The developers responsible for this application requested an AWR report of the last hour. No problem. AWR report shows a significant amount of time spent waiting for locks on a specific table. It happened to be a timesheet table. So the developers say “Aha! We found the cause of the problem – contention on the timesheet table!”.
Oh no, I say. You did not find the cause of THE PROBLEM, you found the cause of A PROBLEM. What you are now looking at is our usual Monday morning slowdown. Timesheets are due at 12pm, so everyone is inserting their timesheets at 10am, causing contention and slowdown. I’ll be forever gratefull if you fix it, but it is unrelated to THE PROBLEM of the application hangs. Here are few AWR reports from Tuesday morning, when the application still hangs, but we no longer have any locks.

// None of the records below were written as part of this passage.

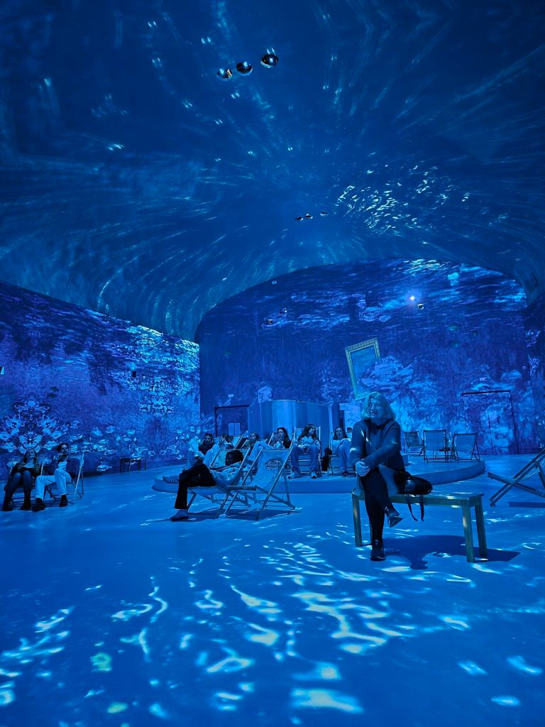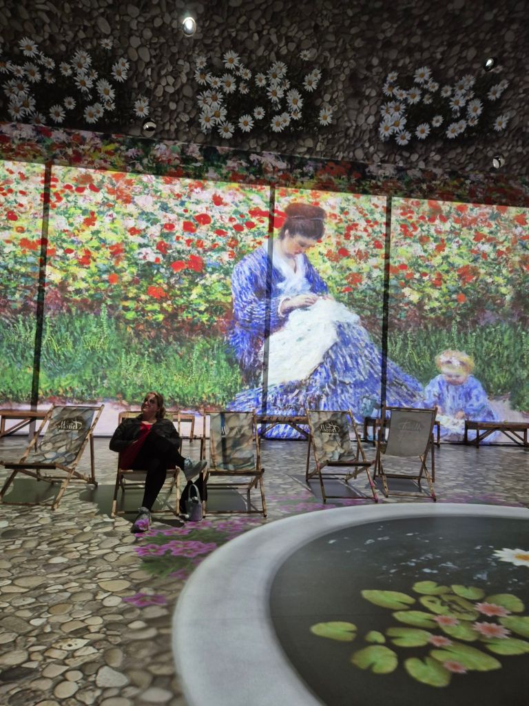 Allerede i inngangspartiet kjente jeg at skuldrene sank. Rommet var mørkt, men ikke dystert – mer som et stille pust : vegger og gulv badet i Monets ikoniske penselstrøk, projisert rundt meg, levende og pulserende i takt med musikken. Det var som å tre inn i et maleri, midt i en blomstrende hage, mens solstrålene danset mellom bladene. Jeg ble stående lenge før jeg endelig satte meg ned i en fluktstol.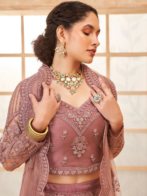 REELOVE FACTORY Embroidered Thread Work Semi-Stitched Lehenga & Blouse With Dupatta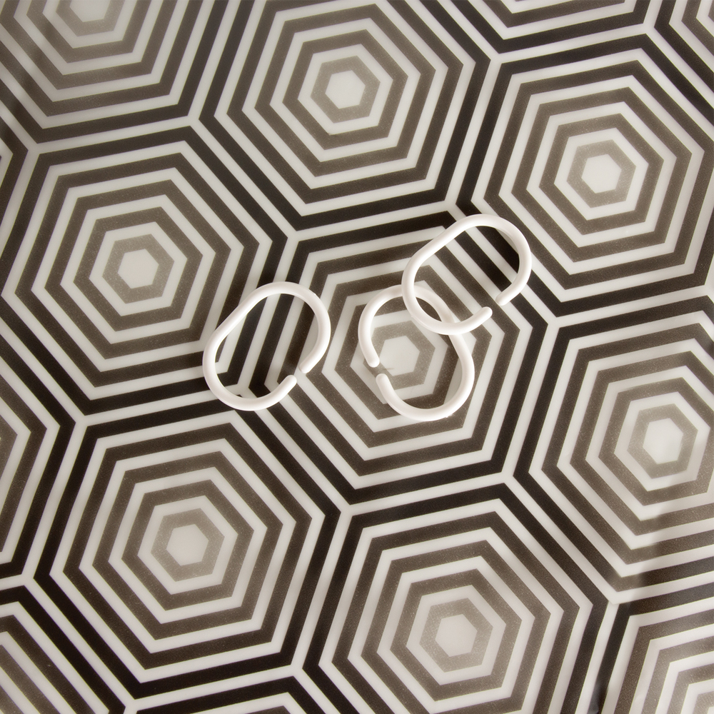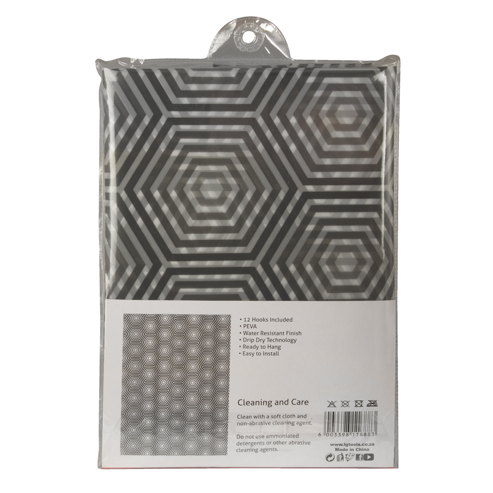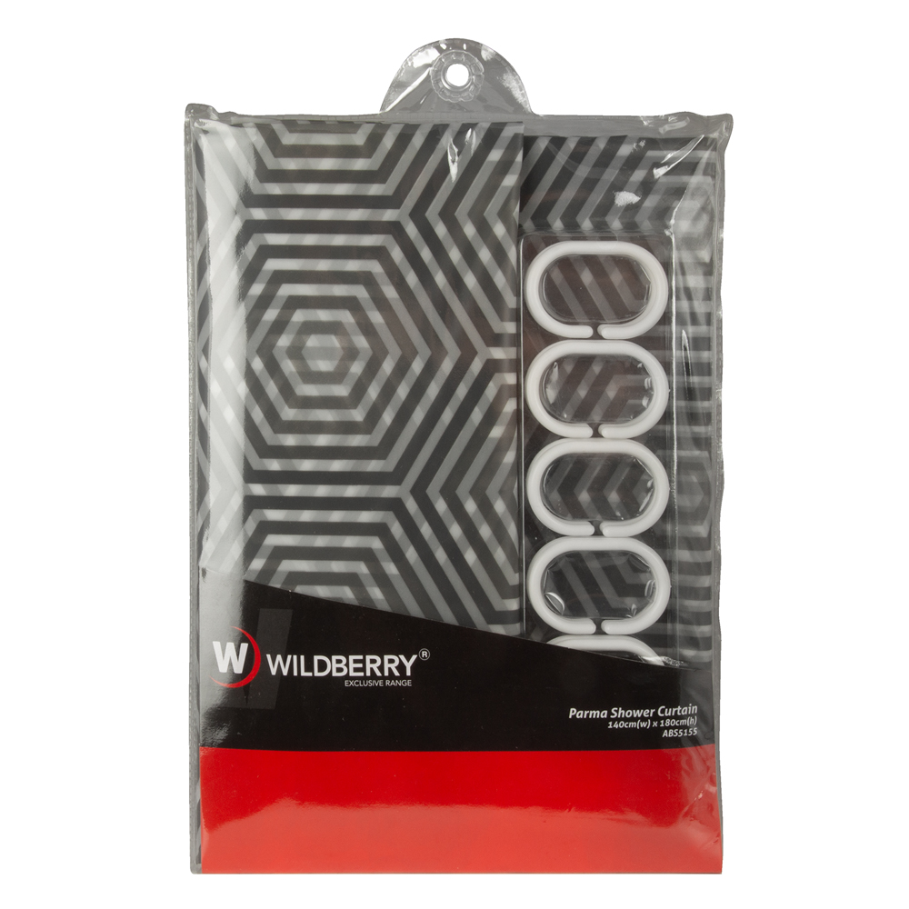 Dress up your bathroom with the Wildberry Parma Shower Curtain. The black and white geometric printed shower curtain is easy to install using the supplied hooks. The timeless style is complementary to most bathroom accessories and décor. Manufactured from durable and quick-drying fabrics, the curtain is easy to clean with a soft cloth and non-abrasive cleaning agent. To maintain the bright look of the curtain, do not use ammoniated detergents or other abrasive cleaning agents.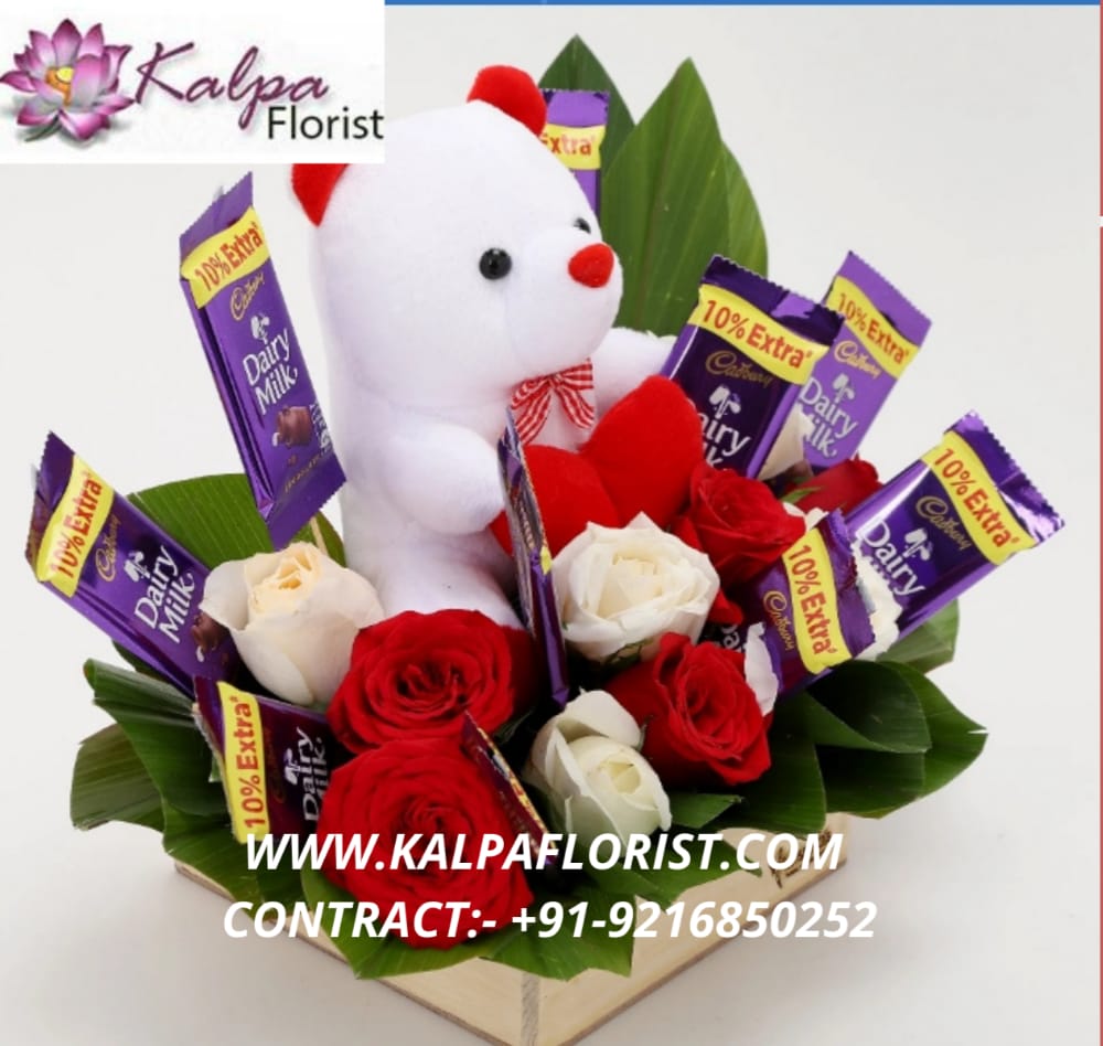 Want to surprise your loved ones with a special gift hamper? Be it their birthdays or any other occasions, you can present this hamper to show your love. It contains a cute teddy bear, white and red roses and cadbury dairy milk chocolates in a cane basket.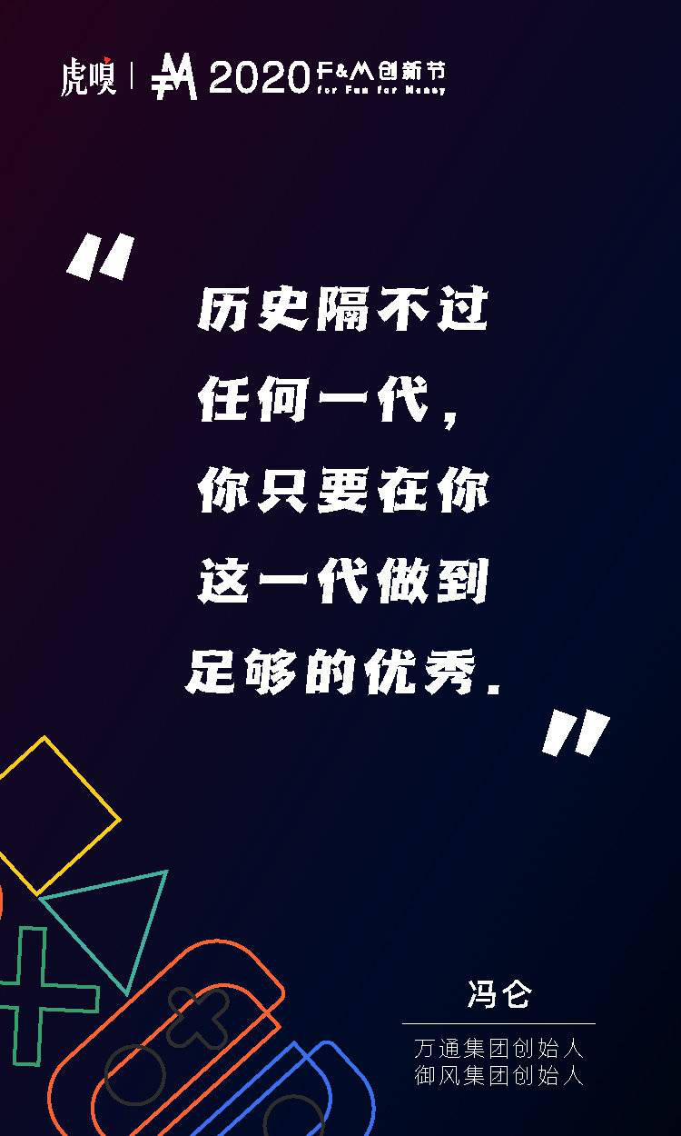 冯仑:我有一个老大哥他就跟我说——当时我有一点小抱怨,有一段时间,他们突然都去做生意了,我不太适应,我说怎么弄?——他就说,你记住,历史隔不过任何一代,你只要保持在你这一代人你做到足够的优秀,你就有机会。我看看周围,我也只能做生意了。这个老大哥给我讲的就是历史隔不过任何一代,不会把你落下的,只是说,你自己做多少事情。比如说这代人的技术创新,你写一个软件就可以赚这么多钱。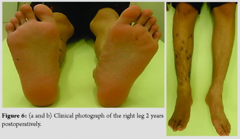 The frame was removed at 86 days postoperatively, and anatomic and functional correction was confirmed (Fig. 6). Two years postoperatively, the patient exhibited no leg length discrepancy or rotation malalignment of the lower extremities as measured both clinically and radiographically (Fig. 7).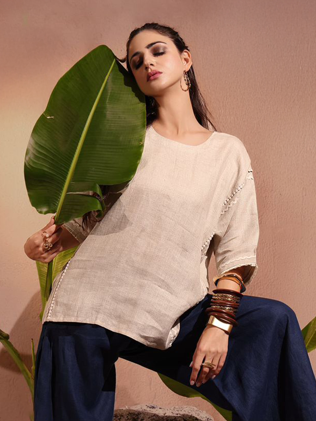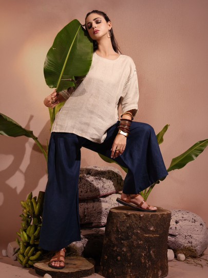 Elegant and creatively styled, this beige co-ord set is crafted from breathable linen fabric for a relaxed yet polished look. The top features a round neckline with front buttons and three-quarter sleeves accented with delicate thread work. A striking multicolored print artwork on the back adds a distinctive design element. Paired with flowing rust-red trousers, this outfit creates a modern and stylish look perfect for casual brunches, vacations, and contemporary daywear.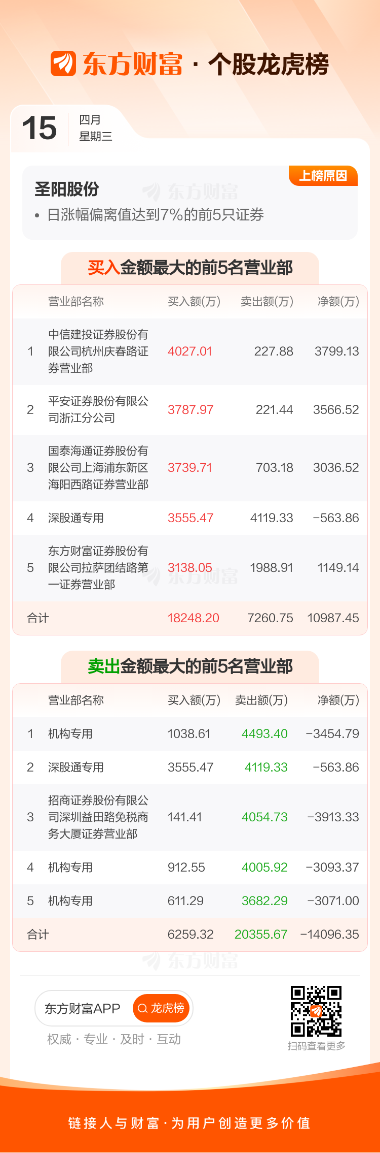 交易所2026年4月15日公布的交易公开信息显示,圣阳股份因成为日涨幅偏离值达到7%的前5只证券、连续三个交易日内,涨幅偏离值累计达到20%的证券上榜。圣阳股份当日收报25.27元,涨跌幅10.01%,偏离值10.71%,换手率23.86%,成交额27.08亿。异常期间4月14日至4月15日,期间涨幅21.02%,累计偏离值20.32%,区间成交额66.35亿。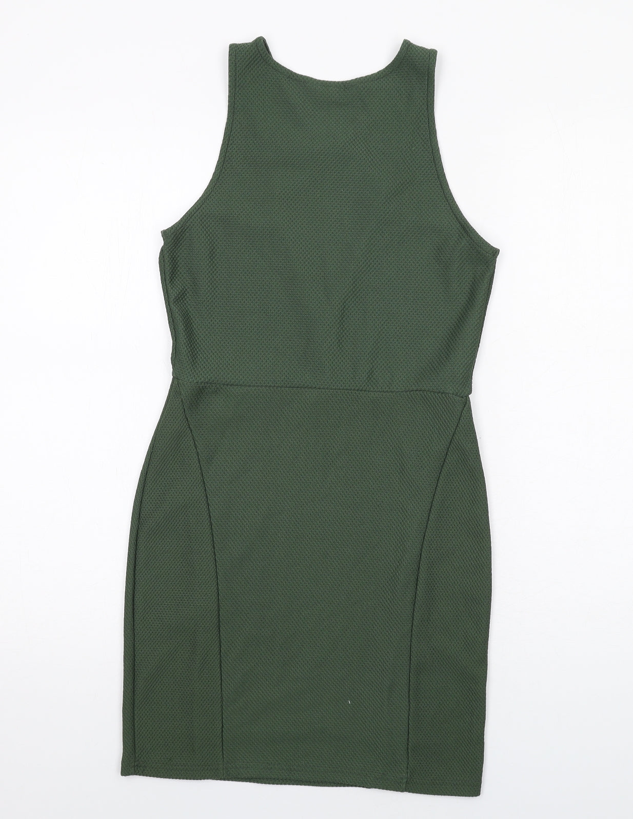 Womens Green Polyester Bodycon Size 10 V-Neck Pullover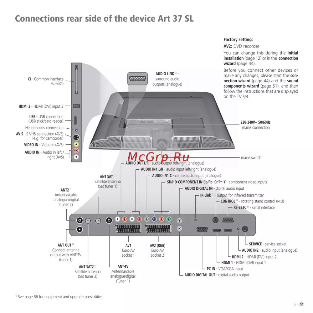 - The accessory equipment should be connected to the tv set with the power off disconnected from the mains see also the instructions in the operating manual of the equipment to be connected p.44

It took me about 4 conference calls and 3 emails to get the following point across: Even if the locks occured at every hang, you can’t be completely sure they are the cause for the hangs. When the locks occure only once a week and the hangs occure every hour, you can be quite sure that the locks don’t cause the hang. If they did cause the hang, they would appear at every hang.
Tanel Poder is going to give his Advanced Troubleshooting at NoCoug in November (More about this soon!). Some people asked me – how do I know if I’m advanced enough for the course. Well, being able to understand correlation and therefore avoid jumping to conclusions about what caused an event would be a great start.